In order to win as a contrarian, you need the right timing and you have to put on a position in the appropriate size. If you do it too small, it's not meaningful; if you do it too big, you can get wiped out of your timing is slightly off. The process requires courage, commitment, and an understanding of your own psychology.

This sums up what you need to think about next time you start shorting a stock that is spiking "too much" in one direction or the other... most important is commitment. If you're going down that road, be prepared for the pain and stick to your position, otherwise you might find yourself getting tied to the emotional aspect of it all and blow out at bad prices. I can't tell you how often I've done just that.

And like many of the other traders interviewed by Schwager, Steinhardt talks about the importance of learning from your mistakes.

There is a very good investor I speak to frequently who said, 'All I bring to the party is twenty-eight years of mistakes.' I really believe he is right. When you make a mistake, there is some subconscious phenomenon that makes it less likely for you to make that same mistake again. One of the advantages of trading the way I do-being a long-term investor, short-term trader, individual stock selector, market timer, sector analyst-is that I have made so many decisions and mistakes that it has made me wise beyond by years as an investor.

This post is rather long already. Knowing that many of my readers (at least the Anonymous ones) are blessed with very small attention spans, I will simply end this post with two more Steinhardt quotes.

Steinhardt's advice to a layman:
Recognize that this is a very competitive business, and that when you decide to buy or sell a stock, you are compteing with people who have devoted a good portion of their lives to this same endeavor. In many instances, these professionals are on the opposite side of your trades and, on balance, they are going to beat you.

Steinhardt's elements of good trading:
Good trading is a peculiar balance between the conviction to follow your ideas and the flexibility to recognize when you have made a mistake.

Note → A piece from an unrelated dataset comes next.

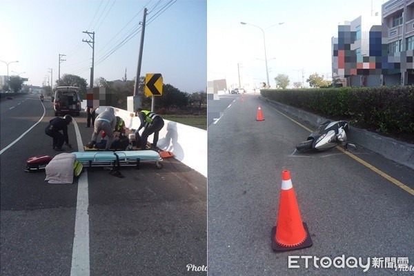 ▲苗栗苑裡自撞車禍,騎士送醫不治。(圖/記者黃孟珍翻攝)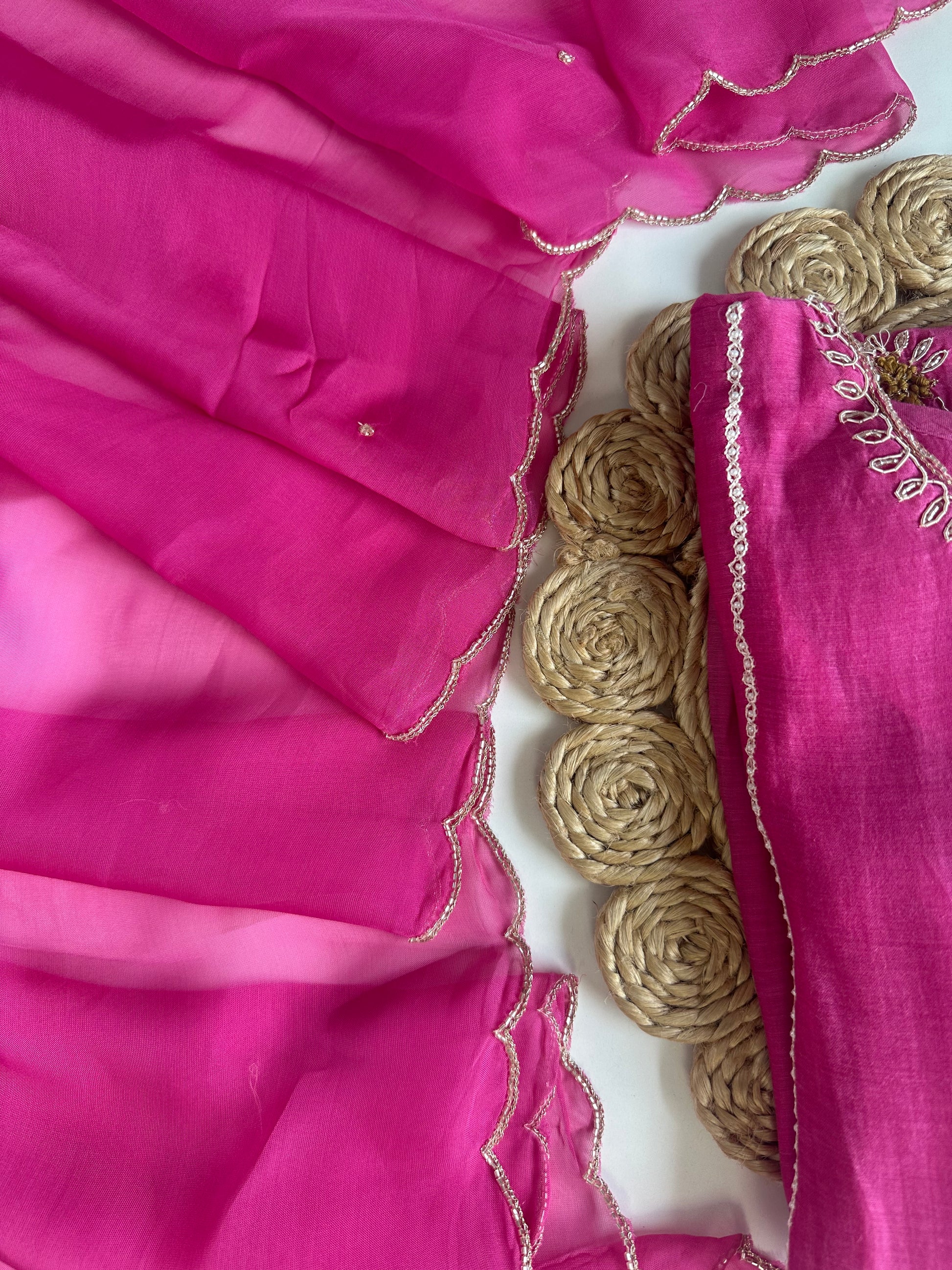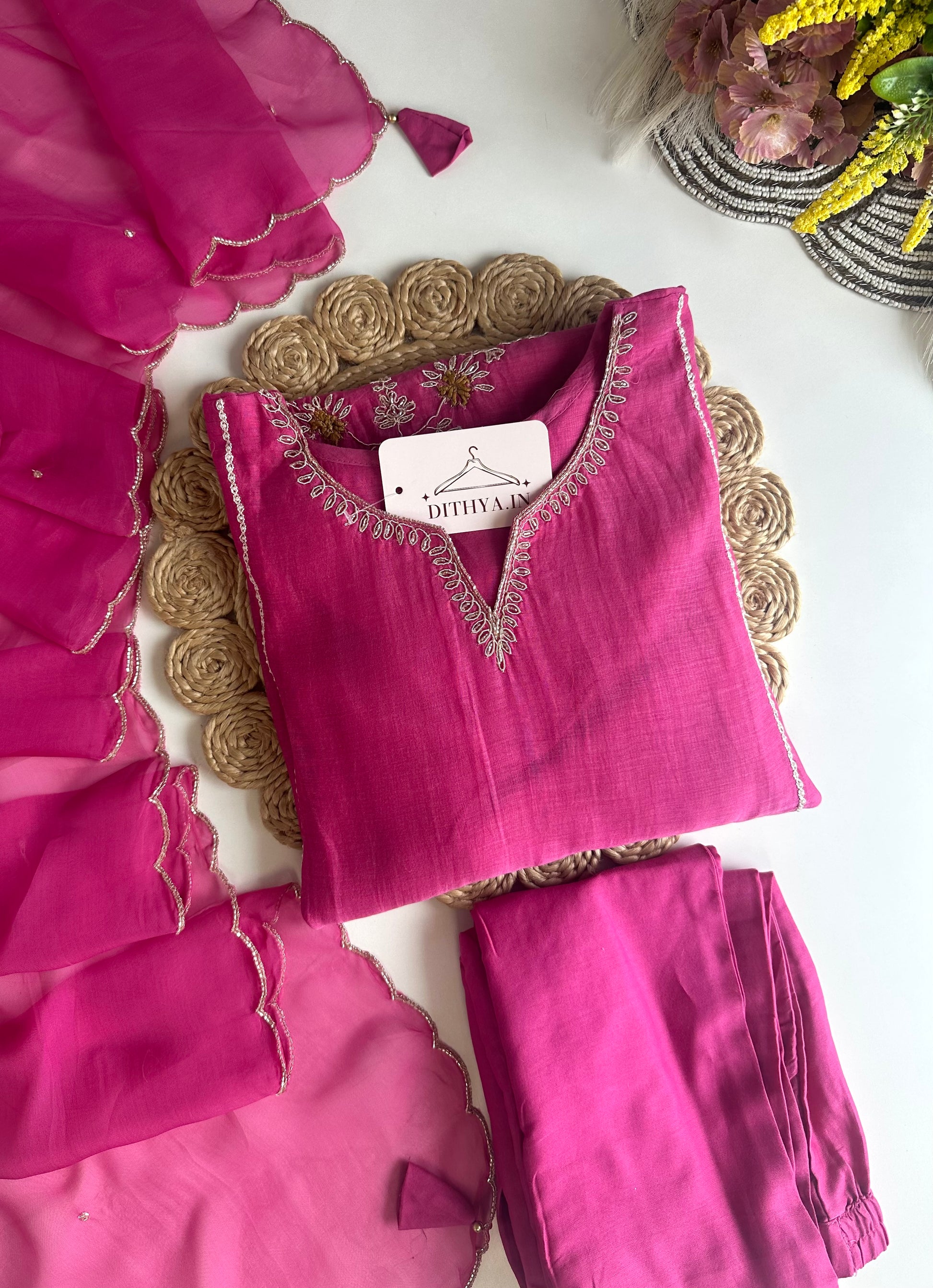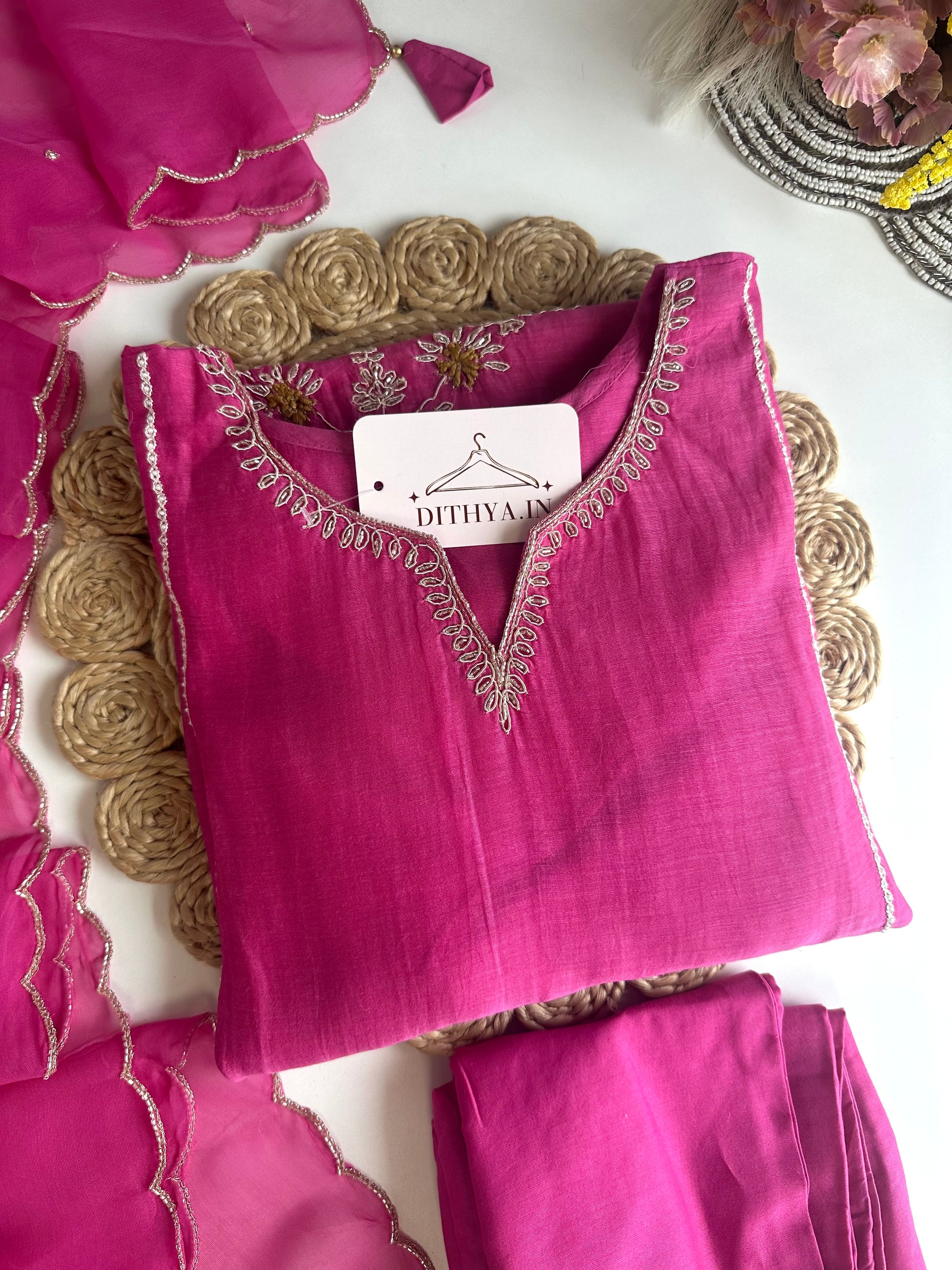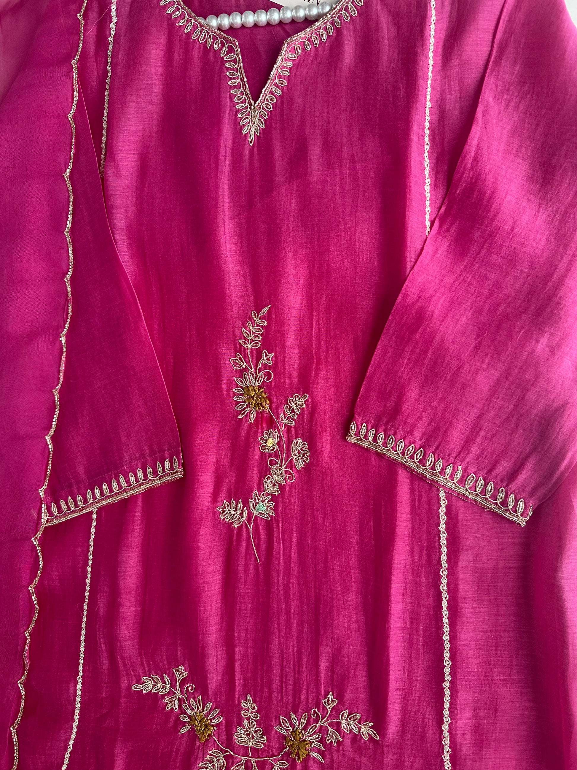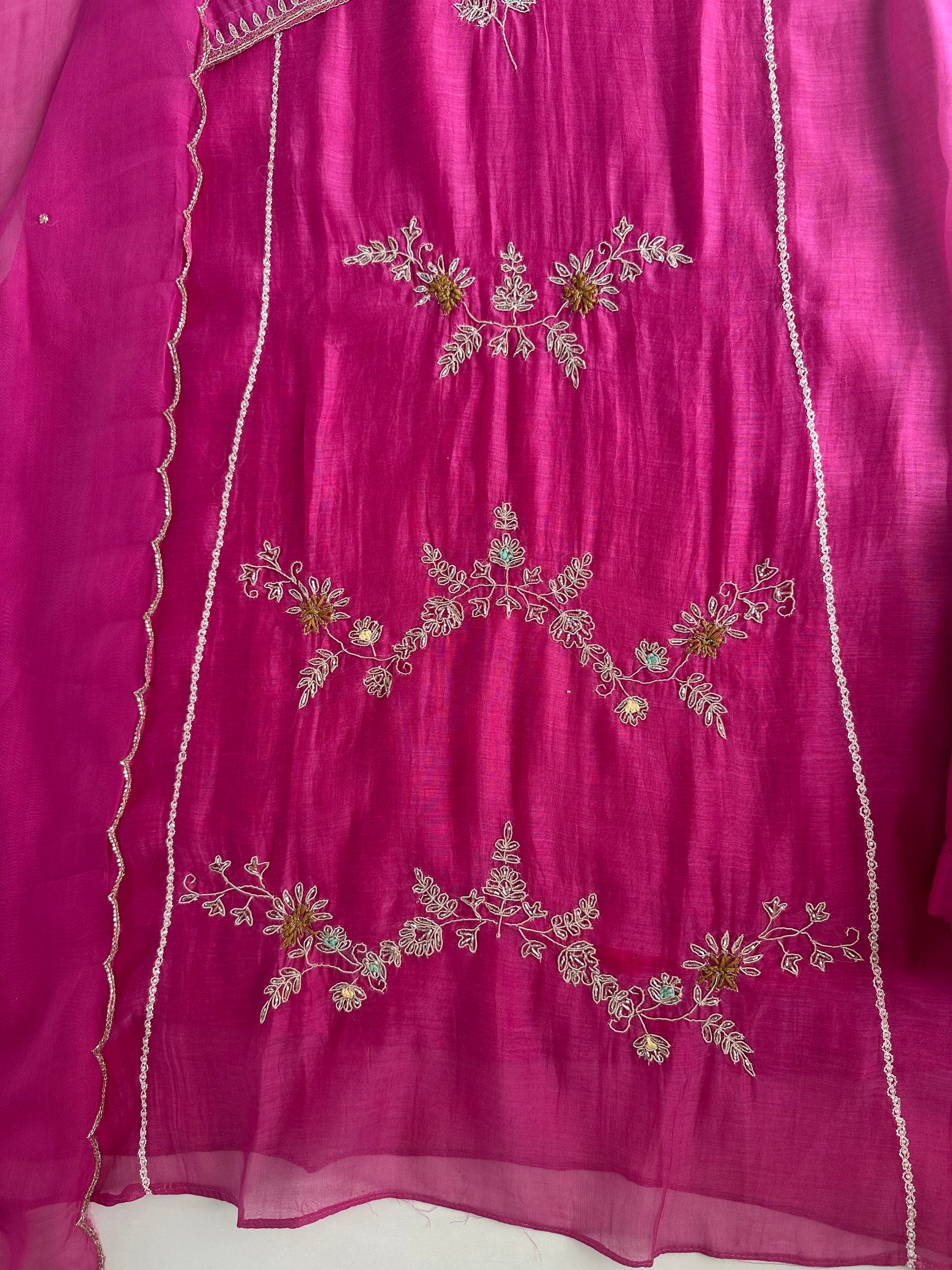 K477 - Mul Chanderi handwork Aline Kurti with pants and dupatta

You need to believe in something, but at the same time, you are going to be wrong a considerable number of times. The balance between confidence and humility is best learned through extensive experience and mistakes. There should be a respect for the person on the other side of the trade. Always ask yourself: Why does he want to sell? What does he know that I don't? Finally, you have to be intellectually honest with yourself and others. In my judgement, all great traders are seekers of truth.